I’ve always believed that the purpose of life is to learn, grow, create and contribute. Impostor syndrome doesn’t serve any of us well in meeting and fulfilling those objectives. The mindful awareness, recognition and acceptance of a purpose way beyond just working and living will serve us well.
Countless souls have gone before us and will come after us. Many of those who have lived over centuries haven’t had the gifts that we have been afforded today. Many have died with, ‘Their music still in them’.

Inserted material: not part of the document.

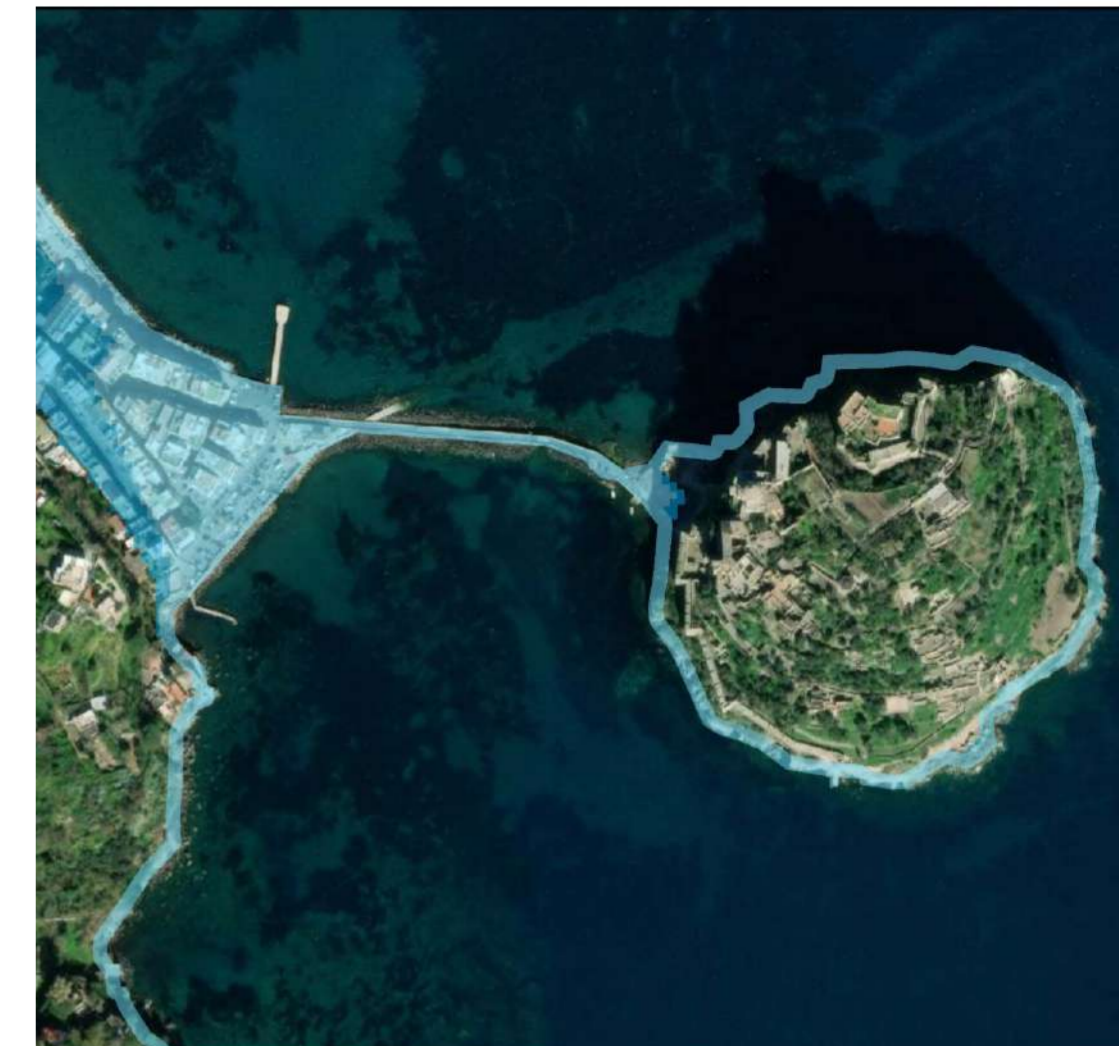
Mappa di inondazione

As well as the advice offered in the articles I’ve shared I also believe that:
– We need to constantly remind ourselves who we are. How far we have come and the countless challenges and obstacles we have overcome.
– That we should never look up to or down to anyone. We really are all the same in terms of value, worth and existence.
– Our job is to serve and make a difference; everything else is meaningless.
– We have all been gifted with a unique and powerful voice and we owe it to ourselves and the world to learn how to use it.
– A belief is nothing more than a thought we play back to ourselves over and over again until it appears true for us. It’s not true, it’s just a repeated thought.
– Nobody is an impostor unless we choose to live that way.
The impostor syndrome phenomenon is sadly something that most people try to ignore. Far too many people affected by impostor feelings don’t realize they could be living some other way. I’m here to tell you that it is possible, especially when it comes to public speaking and presenting.